Produce a verbatim copy of the data below that contains no pictures.

====== Stored data

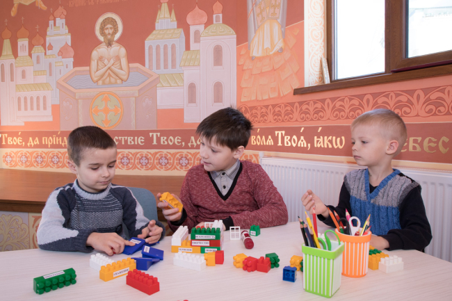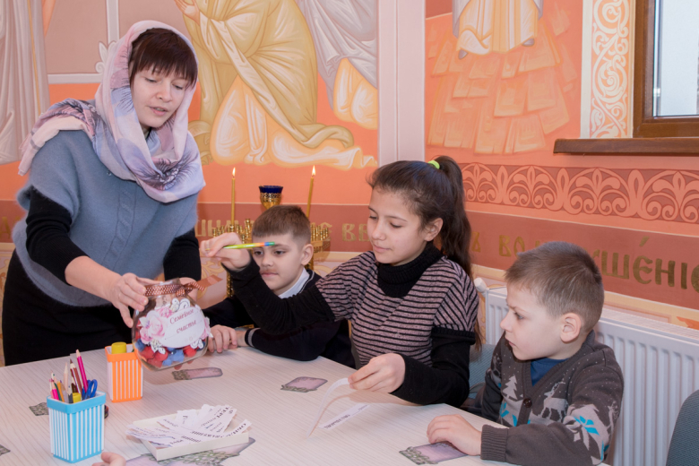 Каждый урок начинается с молитвы, затем педагог даёт ребятам задания. Сегодня дети представили рецепт семейного счастья. У каждого он был свой. Кто-то добавил миллион граммов любви, 100 граммов добра, а кто-то – 100 килограммов молитвы и взаимопонимания. А малыши строили идеальный дом.
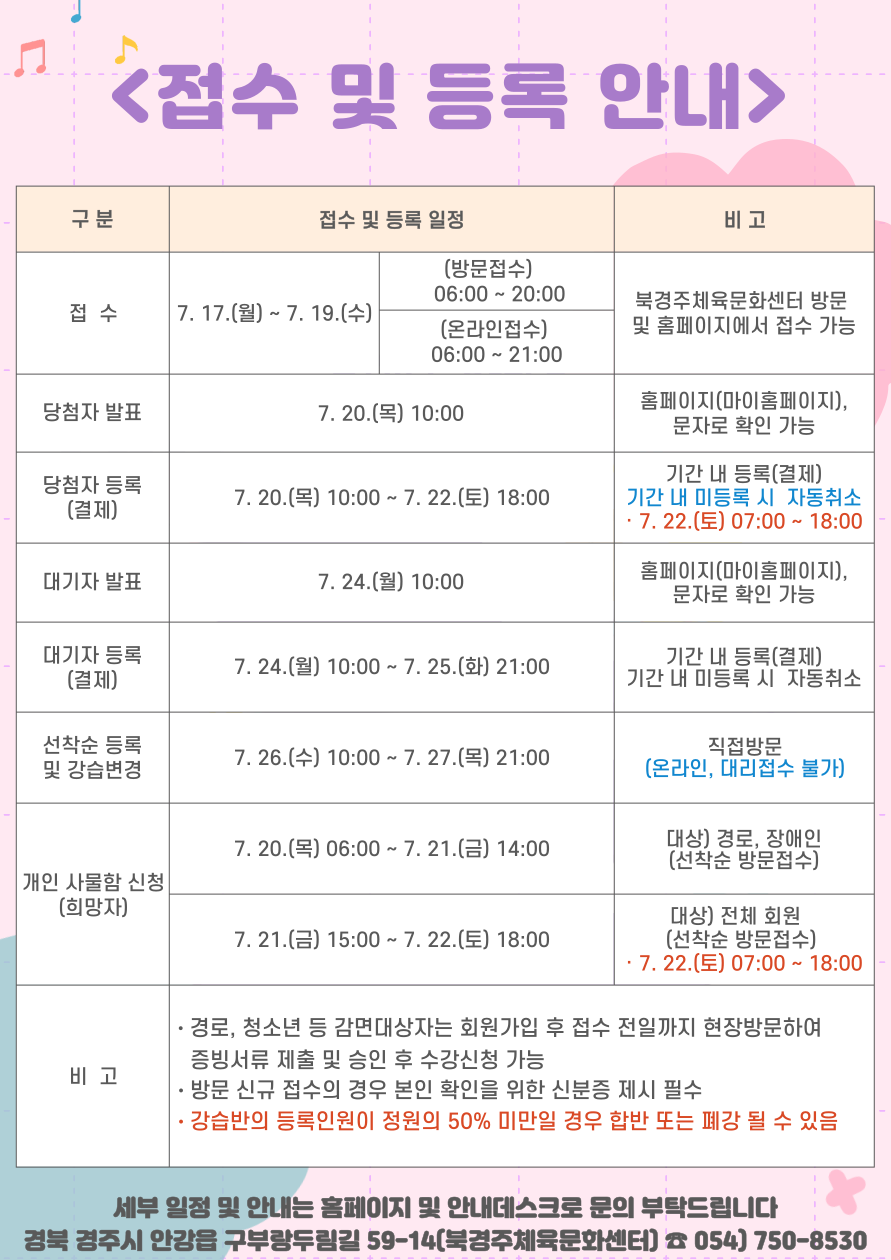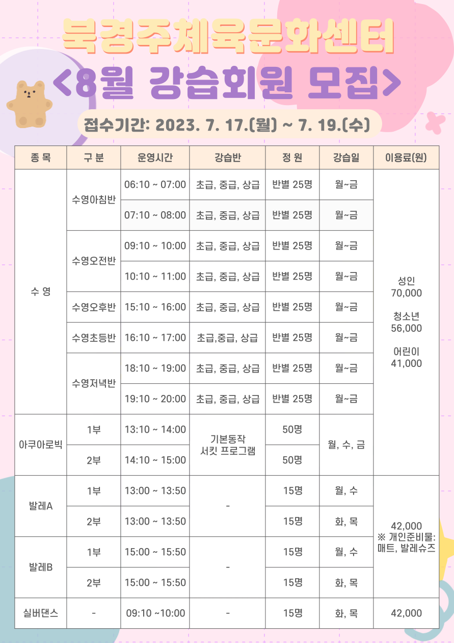 8월 정기회원 모집, 이용 안내 작성자 : 관리자 조회 : 836 등록일시 : 2023년 7월 10일 10시 13분 12초 강습회원모집(8월).png [ Size : 213.05KB, Down : 1,215 ] 미리보기 다운로드 접수및등록안내(8월).png [ Size : 248.41KB, Down : 1,202 ] 미리보기 다운로드 목록보기
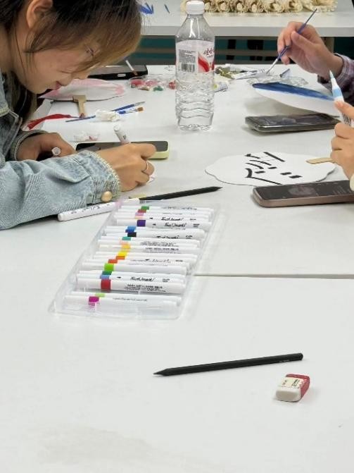 在梅园一站式社区举办“心线绘空——绘春计划”主题活动。同学们以油纸伞、宣纸团扇为纸,以色彩为笔,在一笔一画间与春日相遇,与内心对话。
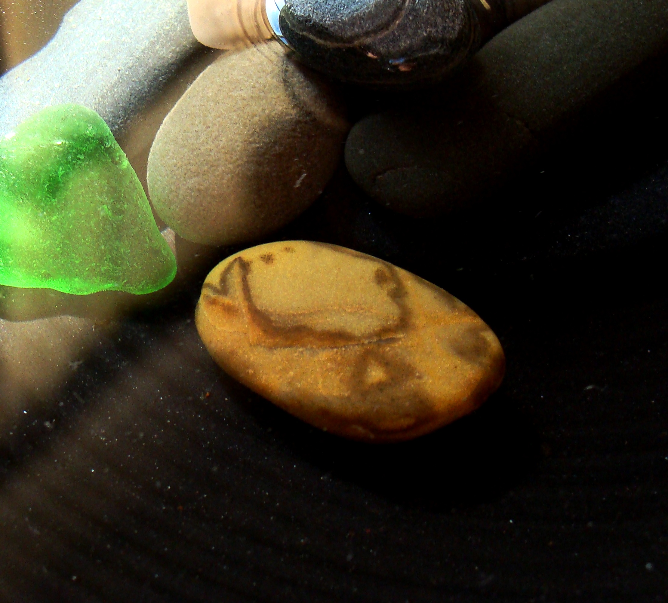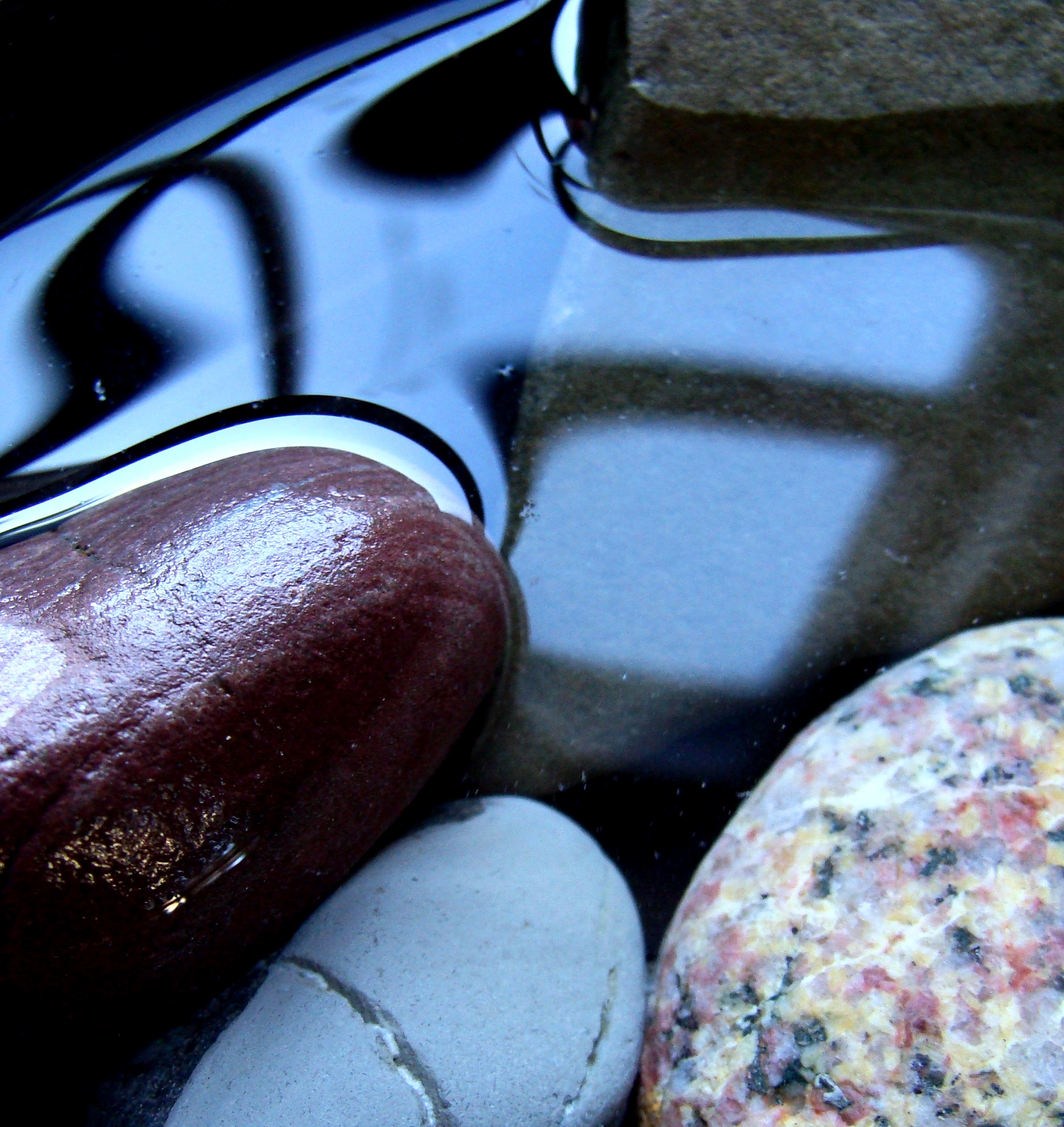 The following images are of rocks and shells and bits of colored glass found on different New England beaches this summer. I photographed them yesterday after placing them in a bowl I had rediscovered, a beautiful dark clay vessel lined with ridges. Eventually I filled the bowl with water. I snapped photos throughout the day whenever whimsy struck. Near dusk I decided I should empty the bowl before mosquitoes began to breed. Just as I drained the last drop, the bowl cracked in my hands. An unseen flaw had been exacerbated by the weight of water. In an instant, I was reminded of the beauty found in fragile things.
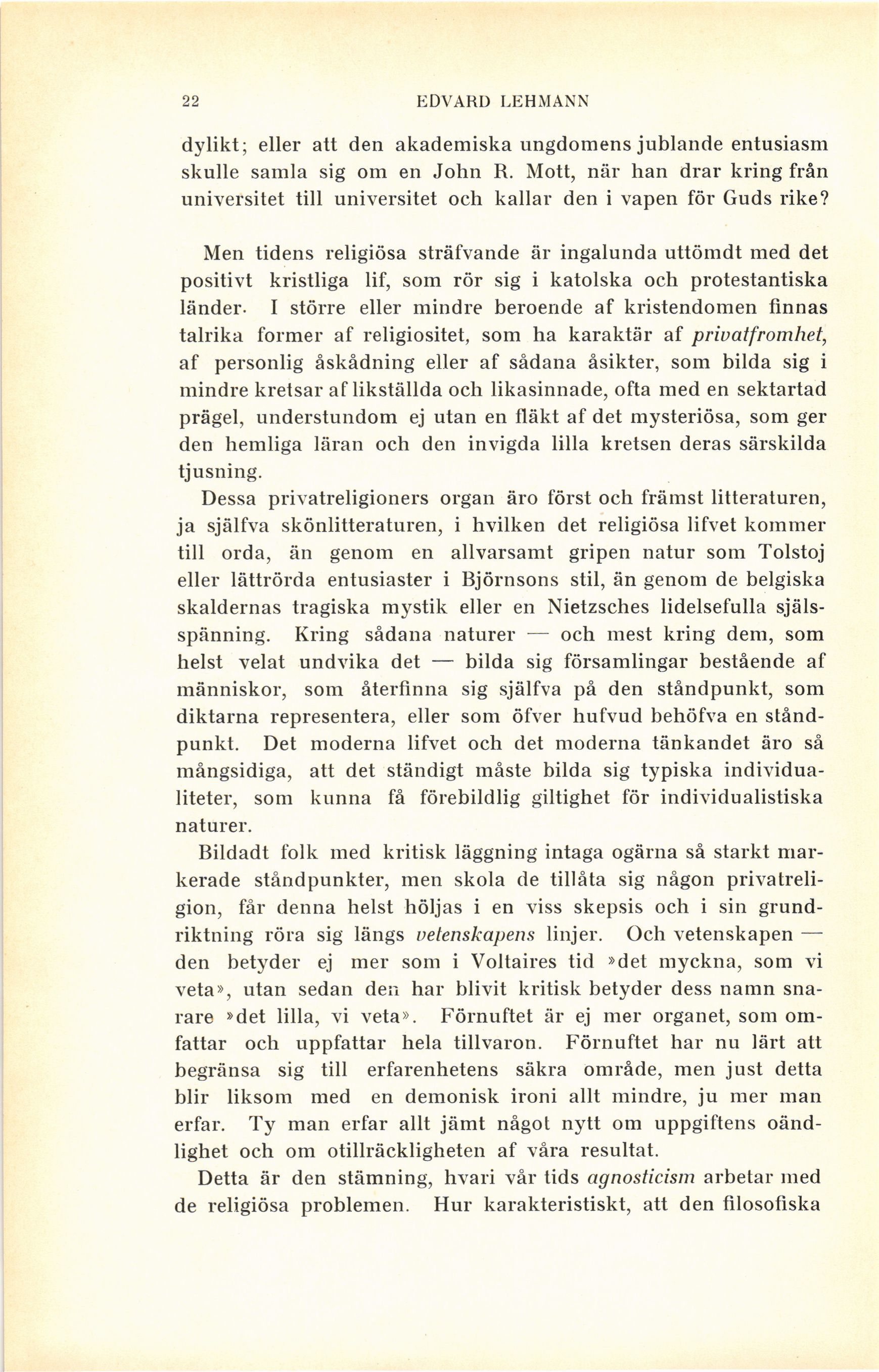Detta är den stämning, hvari vår tids agnosticism arbetar med

============

### Result of the exercise
 Каждый урок начинается с молитвы, затем педагог даёт ребятам задания. Сегодня дети представили рецепт семейного счастья. У каждого он был свой. Кто-то добавил миллион граммов любви, 100 граммов добра, а кто-то – 100 килограммов молитвы и взаимопонимания. А малыши строили идеальный дом.
 8월 정기회원 모집, 이용 안내 작성자 : 관리자 조회 : 836 등록일시 : 2023년 7월 10일 10시 13분 12초 강습회원모집(8월).png [ Size : 213.05KB, Down : 1,215 ] 미리보기 다운로드 접수및등록안내(8월).png [ Size : 248.41KB, Down : 1,202 ] 미리보기 다운로드 목록보기
 在梅园一站式社区举办“心线绘空——绘春计划”主题活动。同学们以油纸伞、宣纸团扇为纸,以色彩为笔,在一笔一画间与春日相遇,与内心对话。
 The following images are of rocks and shells and bits of colored glass found on different New England beaches this summer. I photographed them yesterday after placing them in a bowl I had rediscovered, a beautiful dark clay vessel lined with ridges. Eventually I filled the bowl with water. I snapped photos throughout the day whenever whimsy struck. Near dusk I decided I should empty the bowl before mosquitoes began to breed. Just as I drained the last drop, the bowl cracked in my hands. An unseen flaw had been exacerbated by the weight of water. In an instant, I was reminded of the beauty found in fragile things.
Detta är den stämning, hvari vår tids agnosticism arbetar med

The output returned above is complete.